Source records

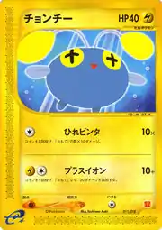 Chinchou (Japanese: チョンチー Chonchie) is a Lightning-type Basic Pokémon card. It is part of the McDonald's Pokémon-e Minimum Pack.
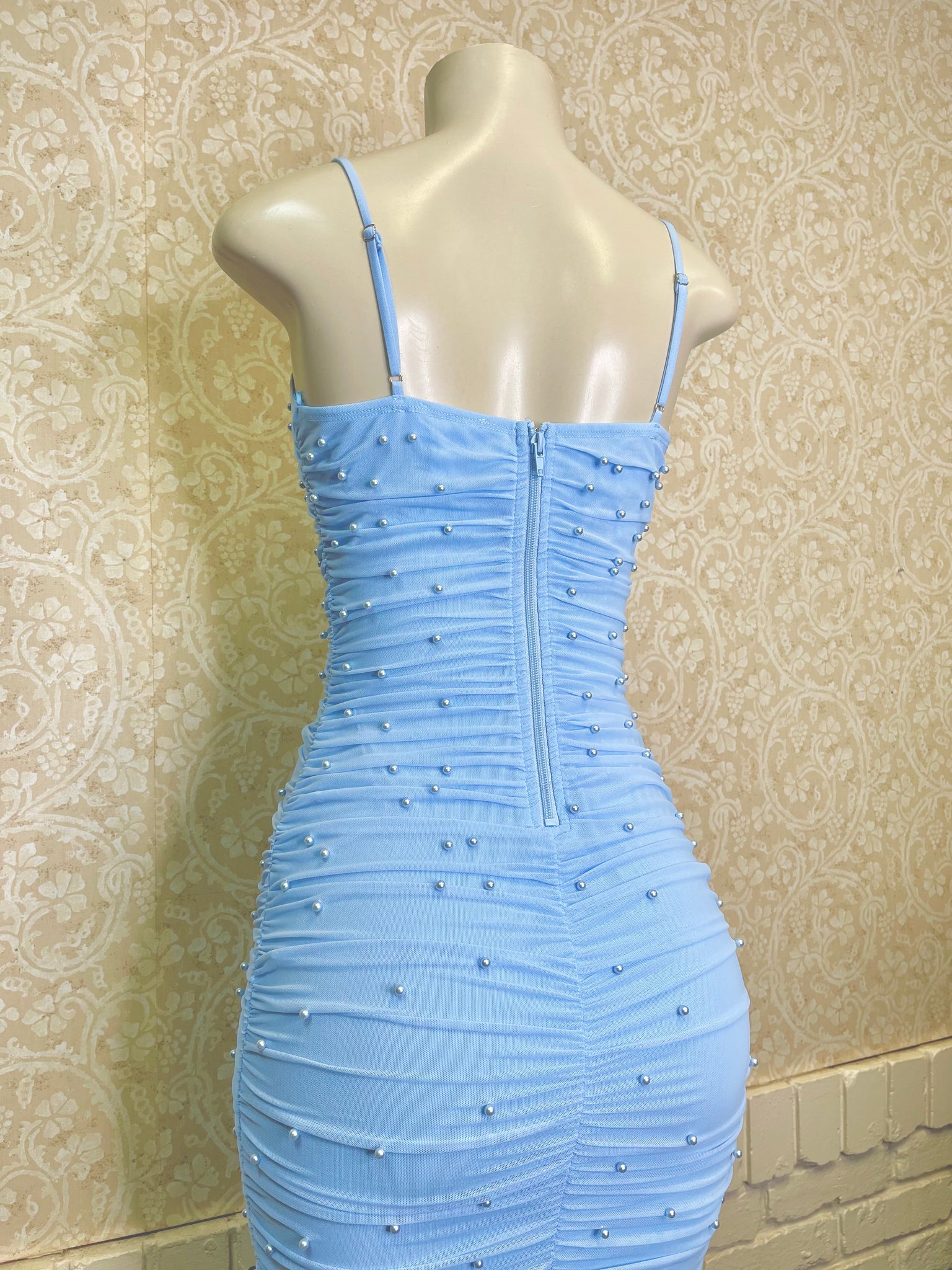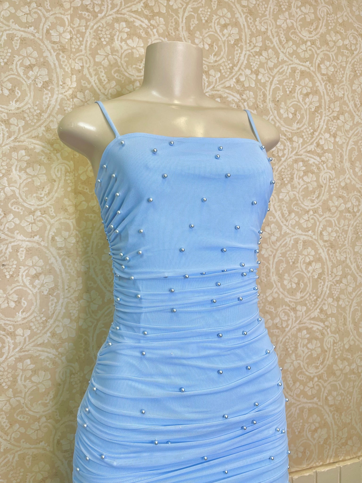 This baby blue long bodycon dress features a breathable mesh fabric embellished with delicate pearls, creating a playful yet elegant look. Its sleek silhouette hugs your curves, making it perfect for turning heads at any event while keeping a fun and flirty vibe.
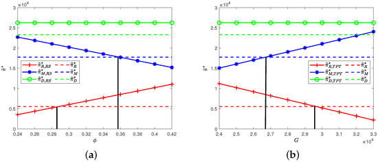 Corollary 1 indicates that when , the manufacturer investing in emission abatement technologies can not only enhance expected profits but also reduce carbon emissions, achieving a win-win situation for both economic and environmental performance. Hence, the manufacturer should implement an investment to improve the system’s performance.
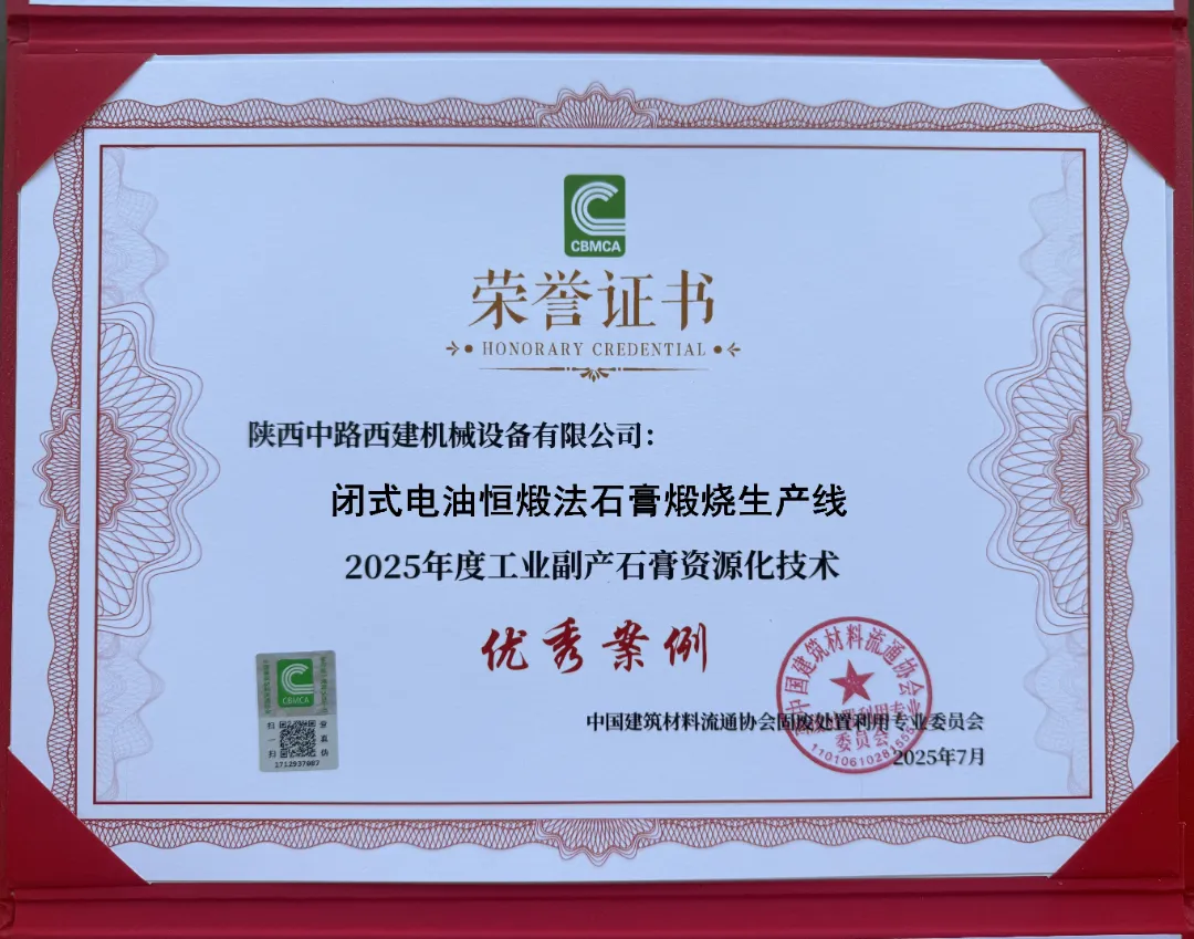 我们将不断拓展市场,为更多客户提供凝结时间恒定、烘干能耗降低40%以上、2H抗折强度4.0MPa以上(需原料品位92%以上)的石膏煅烧解决方案及装备,共同打造绿色、可持续发展的未来。同时,公司的煤基固废胶凝材料智能生产线也荣获“2024-2025年度煤基固废资源化技术优秀案例”,展现了公司在固废资源化利用方面的领先地位。
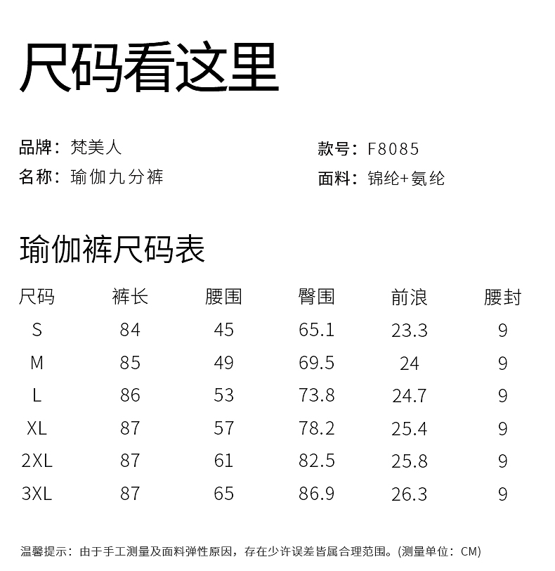 梵美人 F8085 瑜伽九分裤 无松紧 莱卡云柔
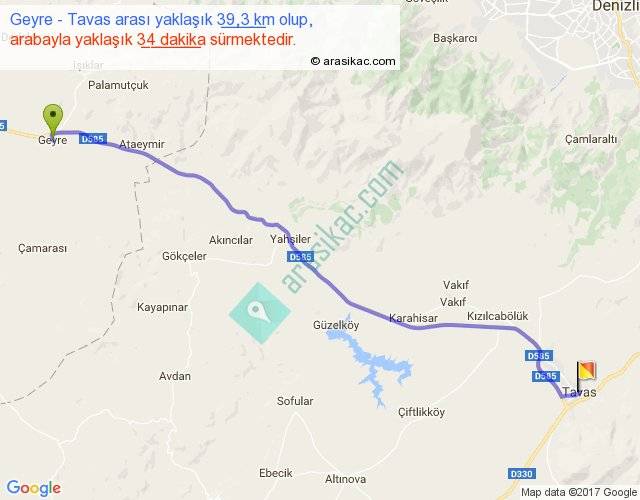 Geyre - Tavas arası yaklaşık olarak 90 km/h ile yukarıda belirtilen sürede olup, iki yerin kuş uçuşu uzaklığı (mesafesi) 35'dir. Yolculuk otobüsle 44 dakika sürmektedir.

- _TRY IT_
Leaving images out, please output every line of the data exactly.

- _ANSWER SECTION_
 Chinchou (Japanese: チョンチー Chonchie) is a Lightning-type Basic Pokémon card. It is part of the McDonald's Pokémon-e Minimum Pack.
 This baby blue long bodycon dress features a breathable mesh fabric embellished with delicate pearls, creating a playful yet elegant look. Its sleek silhouette hugs your curves, making it perfect for turning heads at any event while keeping a fun and flirty vibe.
 Corollary 1 indicates that when , the manufacturer investing in emission abatement technologies can not only enhance expected profits but also reduce carbon emissions, achieving a win-win situation for both economic and environmental performance. Hence, the manufacturer should implement an investment to improve the system’s performance.
 我们将不断拓展市场,为更多客户提供凝结时间恒定、烘干能耗降低40%以上、2H抗折强度4.0MPa以上(需原料品位92%以上)的石膏煅烧解决方案及装备,共同打造绿色、可持续发展的未来。同时,公司的煤基固废胶凝材料智能生产线也荣获“2024-2025年度煤基固废资源化技术优秀案例”,展现了公司在固废资源化利用方面的领先地位。
 梵美人 F8085 瑜伽九分裤 无松紧 莱卡云柔
 Geyre - Tavas arası yaklaşık olarak 90 km/h ile yukarıda belirtilen sürede olup, iki yerin kuş uçuşu uzaklığı (mesafesi) 35'dir. Yolculuk otobüsle 44 dakika sürmektedir.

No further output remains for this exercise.